WHAT IS NEEDED -
Beginning with the line that contains "- Complementing Home", reproduce the remaining lines of the material exactly, up to and including the last one, but no pictures.

══ SOURCE MATERIAL ══

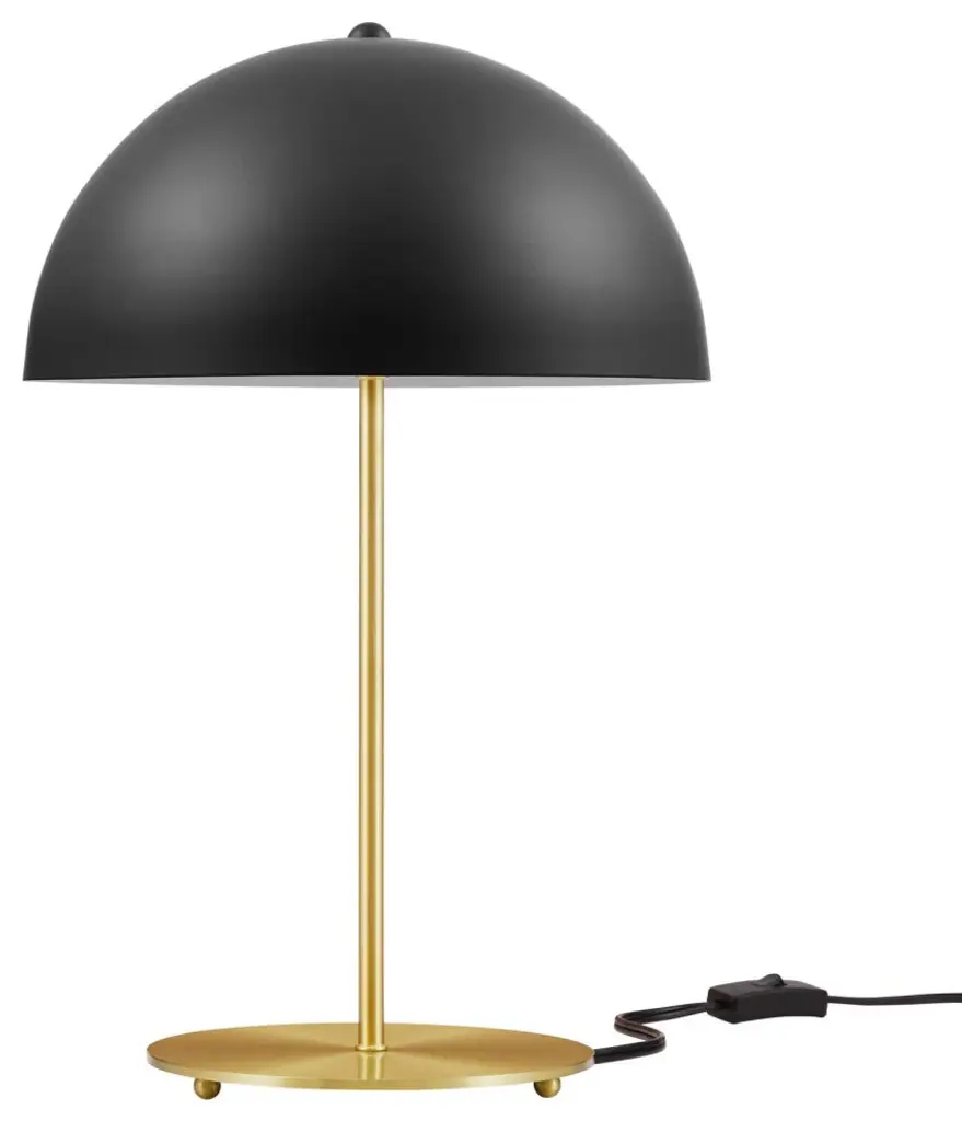 Enhance the lighting decor in your bedroom, living room, office, or entryway with the industrial-inspired Ideal Metal Table Lamp. This side table lamp brings illumination and warmth into mid-century modern, contemporary, minimalist, or eclectic decors. The Ideal Office Desk Lamp shines with subtle vintage appeal, featuring a smooth metal dome lampshade for superior task lighting. This contemporary living room light is enhanced by a satin brass rod and round base with a black power cord and a convenient on/off switch. This bedside lamp requires 1 E26 60W max bulb or LED equivalent (not included). Compatible with dimmer switches (not included). Assembly required. Clean with a soft, damp cloth.Set Includes:1 - IdealMetal Table LampSatin Brass BaseBlack Power Cord With On/Off SwitchBulb: 1 E26 60W Max (Not Included)LED CompatibleDimmable (Switch Not Included)Assembly requiredProduct Color : Black Satin BrassAssembly Required : YESOverall Product Dimensions: 12"L x 12"W x 18"HShade Dimensions: 12"W x 6"HBase Dimensions: 8"L x 8"WProduct Weight : 6 lbs.Product Materials : 1xE26 lampholder, Iron shade/ tube/base,Black PVC cable, Length of Cord: 71in, Type of Bulb: E26, Wattage: 1• 60W, Number of Bulbs: 1pc(bulb not provided)
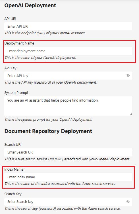 1. First, you’ll set your Deployment Name and Index Name. Unless these were set to something else they are:
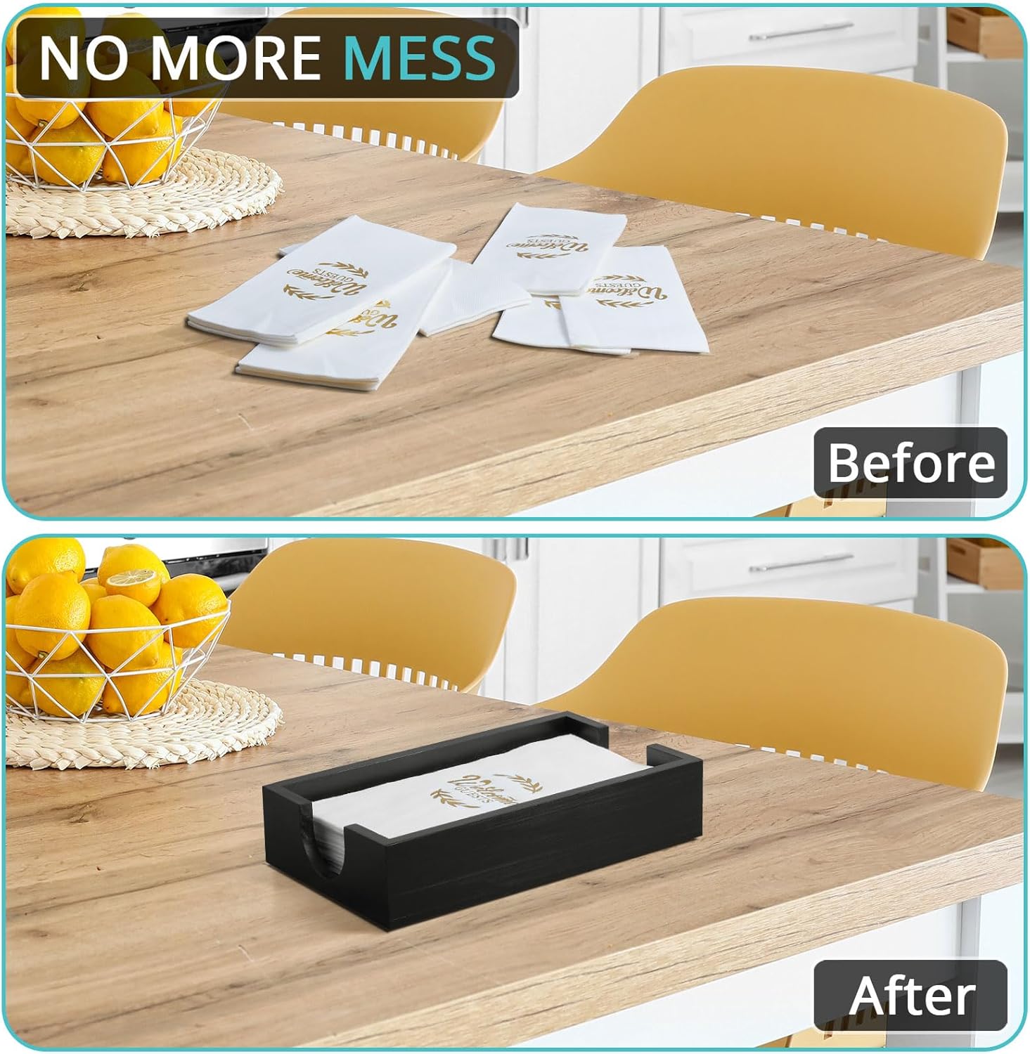 - Complementing Home Decor: The bathroom napkin holder tray is an easy addition to your tabletop dรฉcor. You can keep napkins neatly presented and always within reach in your guest bathroom, powder room, dining room, on your coffee table, kitchen countertops for daily use. In addition, this hand towel holder adds style to any dining setting, whether casual or formal.
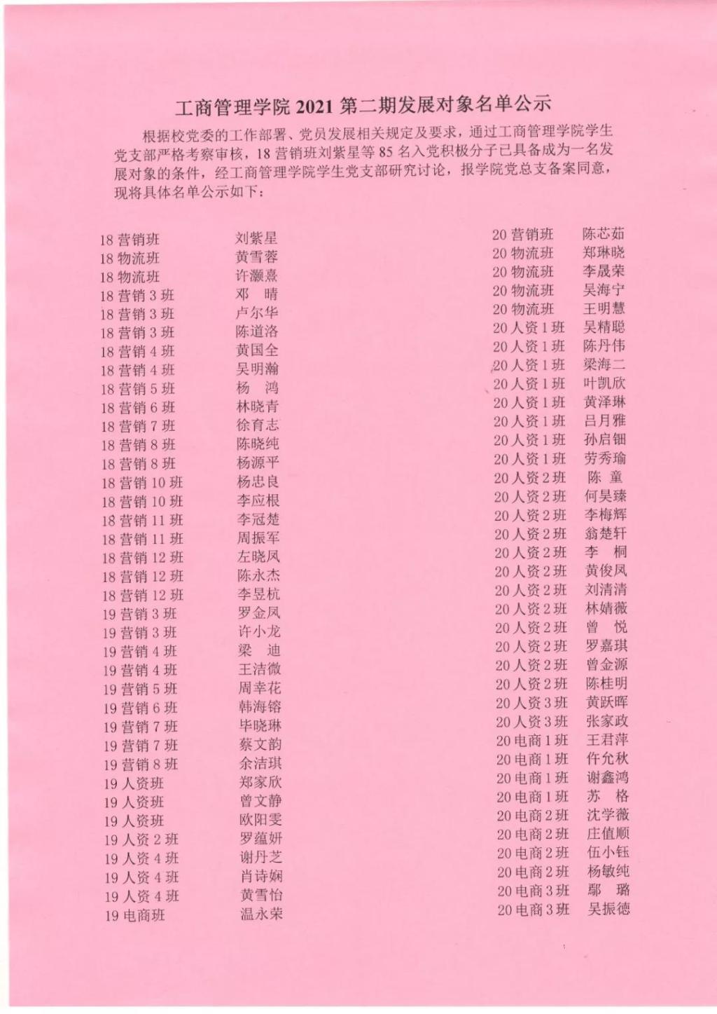 发展对象公示名单

═══

WORKED SOLUTION -
 - Complementing Home Decor: The bathroom napkin holder tray is an easy addition to your tabletop dรฉcor. You can keep napkins neatly presented and always within reach in your guest bathroom, powder room, dining room, on your coffee table, kitchen countertops for daily use. In addition, this hand towel holder adds style to any dining setting, whether casual or formal.
 发展对象公示名单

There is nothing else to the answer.